Math Help - derivative of an invertible function

  1. #1
    Member
    Joined
    Sep 2005
    Posts
    136

    derivative of an invertible function

    If f(x) is invertible with inverse g(y) then g ' (y) is
    (a) 1/f(g(y))
    (b)1/ f ' (g))
    (c)1/f(x)
    (d) undeined
    (e) none of the above
    Follow Math Help Forum on Facebook and Google+

  2. #2
    Forum Admin topsquark's Avatar
    Joined
    Jan 2006
    From
    Wellsville, NY
    Posts
    9,855
    Thanks
    321
    Awards
    1
    Quote Originally Posted by bobby77 View Post
    If f(x) is invertible with inverse g(y) then g ' (y) is
    (a) 1/f(g(y))
    (b)1/ f ' (g))
    (c)1/f(x)
    (d) undeined
    (e) none of the above
    The inverse function theorem says that if y = f(x) has an inverse x = g(y), then then g'(y) will be 1/f'(x). There is an easy way to see this (though it is much more difficult to prove!):

    If we have a function y(x), then dx/dy = 1/(dy/dx). You can "clear the fraction" in the "denominator" and see that the RHS is also dx/dy.
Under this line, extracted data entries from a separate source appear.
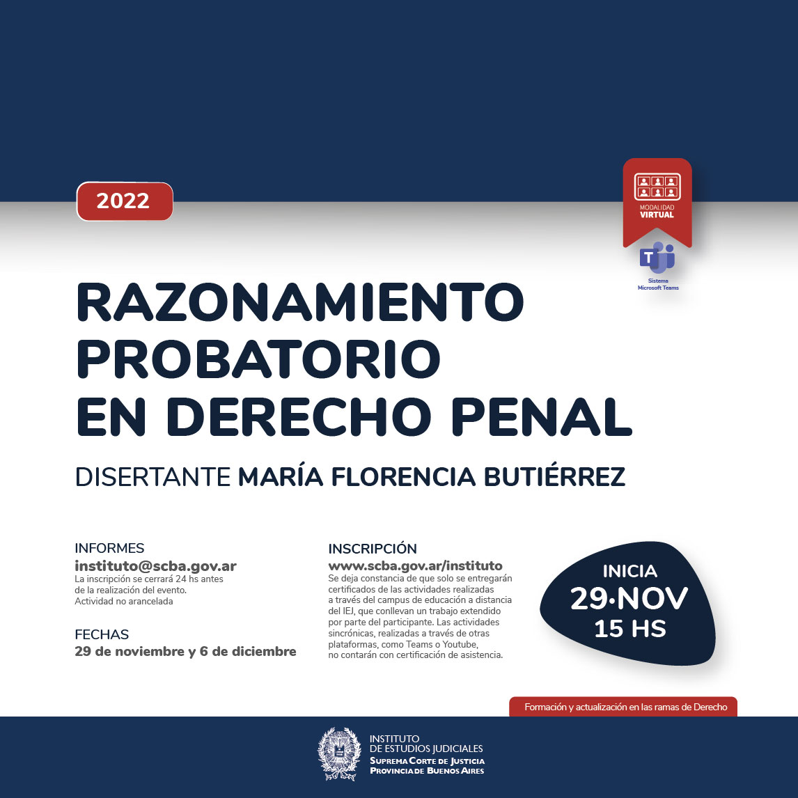 29-11-2022 | Razonamiento probatorio en derecho penal ( a distancia )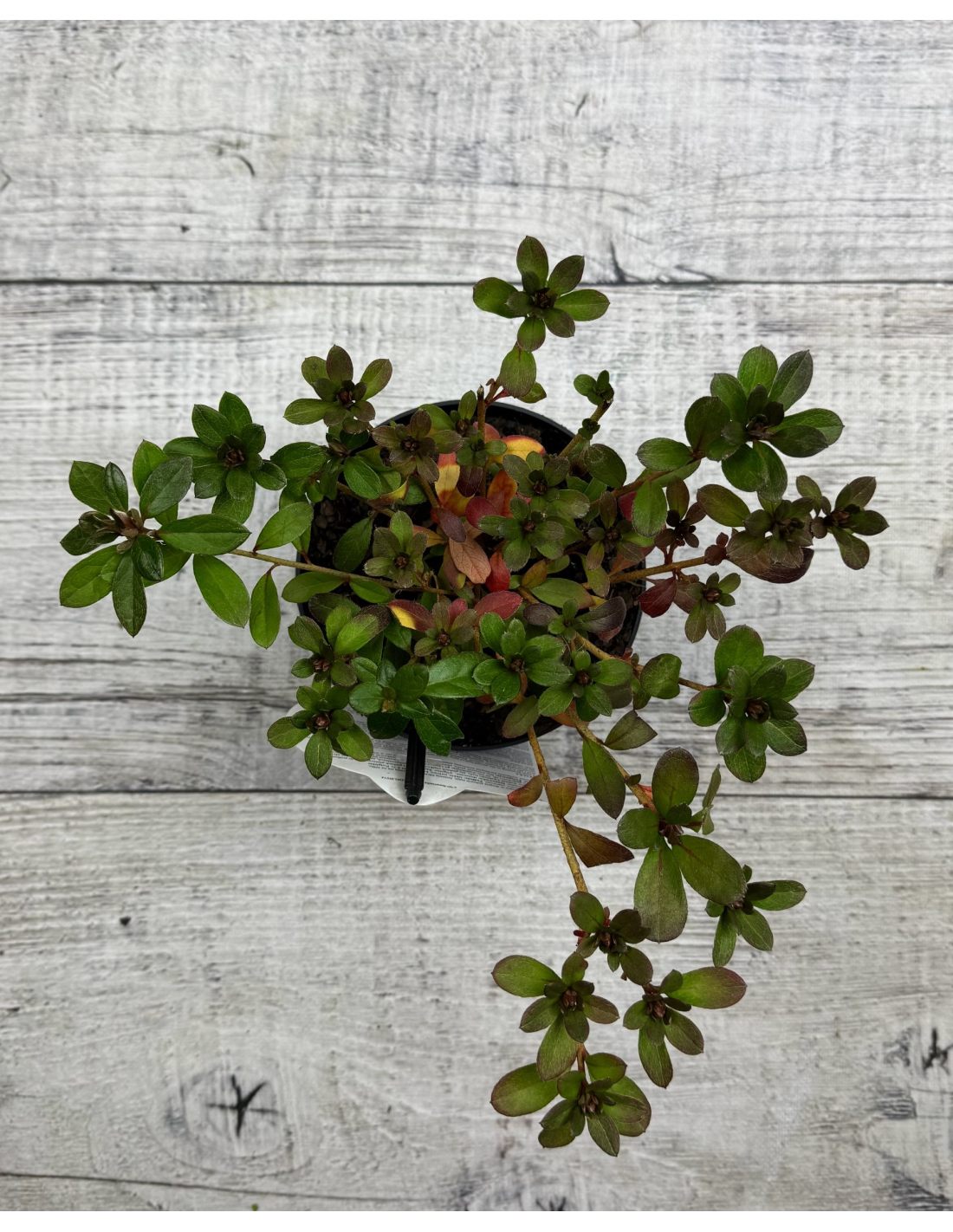 Liście są półzimozielone, jajowate, ciemnozielone, młode pędy lekko owłosione.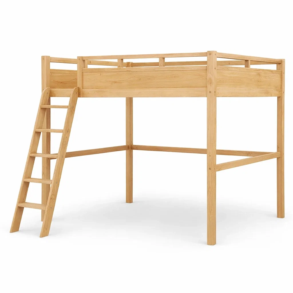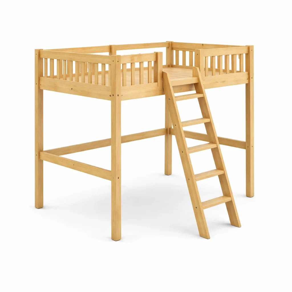 Lit mezzanine en bois de pin avec échelle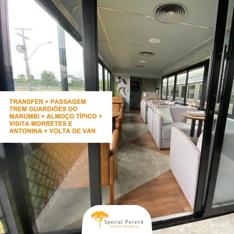 - Faça um dos passeios de trem mais famosos do mundo de Curitiba para Morretes na categoria Guardiões do Marumbi! 33 lugares: janelas panorâmica, varanda central ampla, lanche diferenciado e bebidas à vontade. Saída do trem às 8h30 e chegada prevista às 12h30.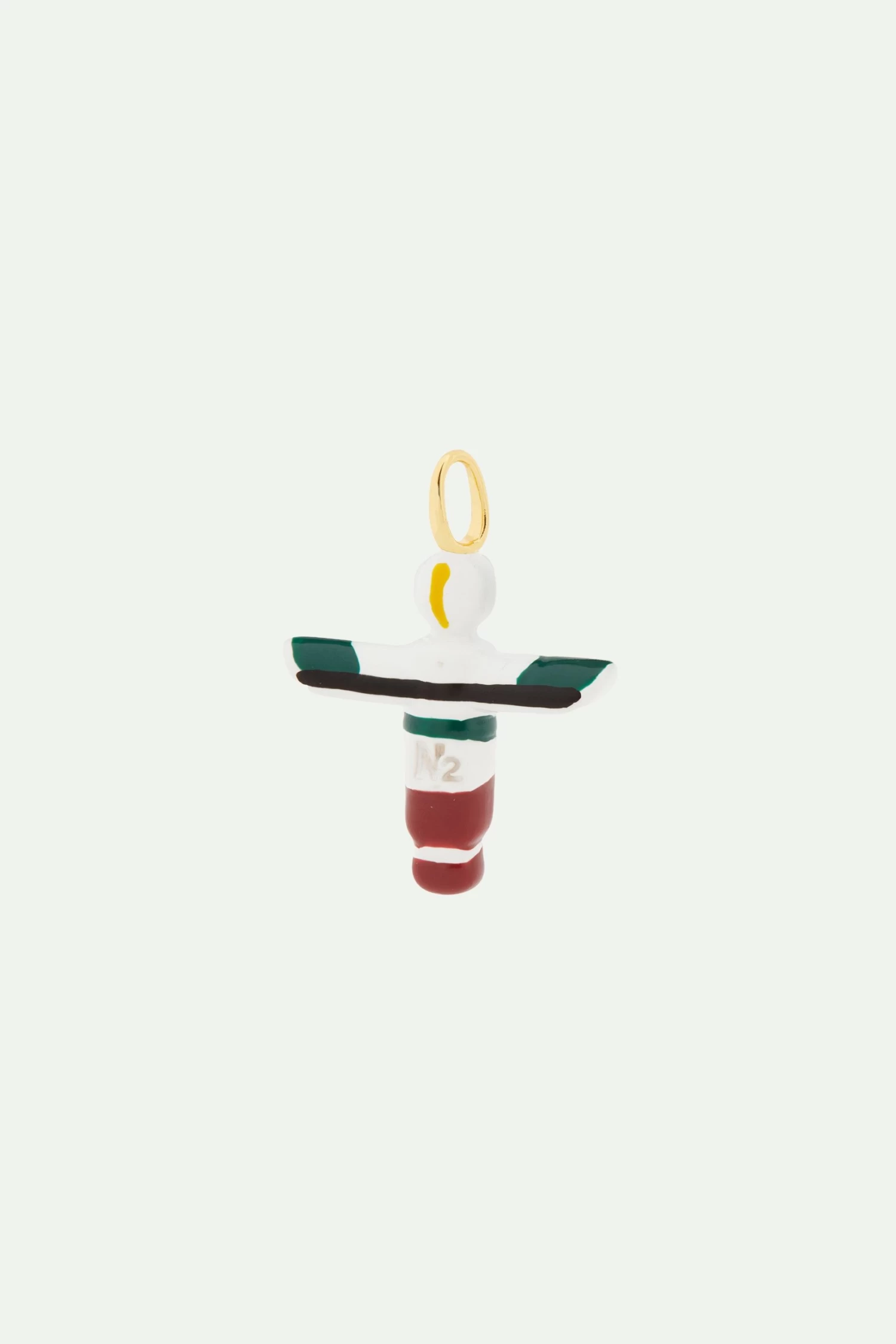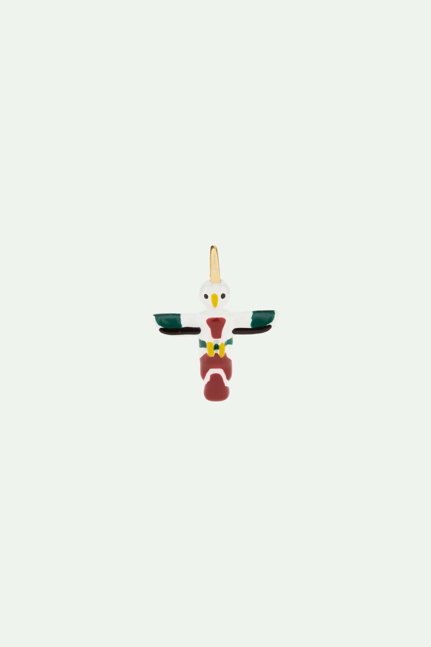 La culture des grands lacs nord-américains est riche en symboles, dont le totem, que l’on retrouve dans la collection de Charm’s N2 by Les Néréides, inspirée par le Canada. Le charm’s totem représente un aigle, figure mythique peinte à la main en utilisant des couleurs telles que le marron, le vert et le blanc. Avec ce charm’s, ainsi que d’autres comme le charm’s attrape-rêves, créez votre propre histoire canadienne en les accrochant sur une chaîne de collier doré ou en les suspendant sur une paire de boucles d’oreilles créoles. Charm’s : Laiton doré à l’or fin émaillé à la main.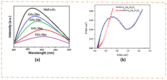 (a) PL spectra of MnFe2O4 and MnFe2O4/graphene composites (GO4:Mn1, GO2:Mn2, GO1:Mn1, and GO5:Mn1) “Reprinted/adapted with permission from Ref. [45]. 2016, Elsevier”. (b) EIS spectra for CoxZn1−xFe2O4 and CoxZn1−xFe2O4/rGO “Reprinted/adapted with permission from Ref. [46]. 2016, Elsevier”.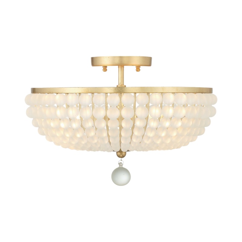 OverviewCelebrate the stylish boho motif in a light fixture with a cheery, cheeky design. Rows of glass beads taper into a shade as the Bella Semi Flush Mount Ceiling Light from Crystorama lifts the mood in a foyer, kitchen, or dining space. Metal framing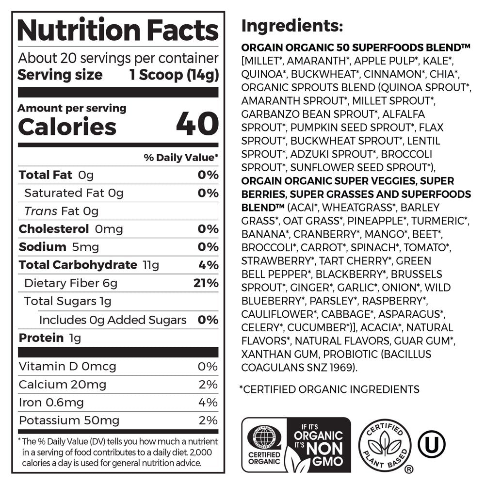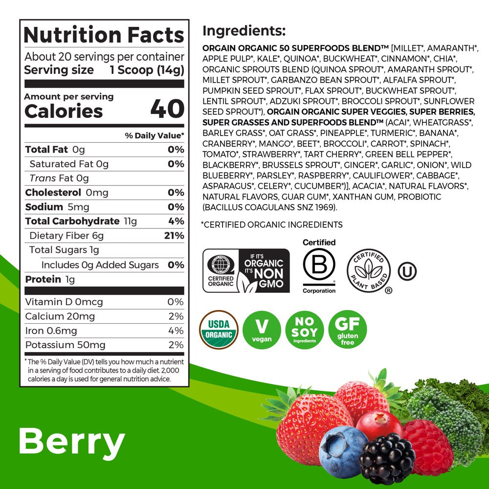 - CLEANER INGREDIENTS: Our Organic Superfoods Powder is packed with nutrients from 50 plant-based superfood ingredients such as organic ancient grains, berries, fruits, greens, grasses, veggies, herbs and sprouts. It also features 1 billion probiotics per serving to support gut health!

By construction of the derivative, dx/dy would be the derivative of the inverse function.

    Before someone more Mathematically minded than me comes along to remind you, let me say that treating dy/dx as a fraction is a very tricky process and is not a strictly legitimate process even where you can get away with it. (But it does occasionally provide a convenient guideline.)

    -Dan
    Follow Math Help Forum on Facebook and Google+

  3. #3
    Global Moderator

    Joined
    Nov 2005
    From
    New York City
    Posts
    10,616
    Thanks
    9
    Quote Originally Posted by topsquark View Post
    Before someone more Mathematically minded than me comes along to remind you, let me say that treating dy/dx as a fraction is a very tricky process and is not a strictly legitimate process even where you can get away with it. (But it does occasionally provide a convenient guideline.)
    I never, ever, never use it. You can determine which class a person belongs to: a low class (physics) if he uses that trick, a high class (math) if he does not.
    ---
    The complete proof is not so easy, it relys on properties of the interval.

    Anyway here is an almost complete proof.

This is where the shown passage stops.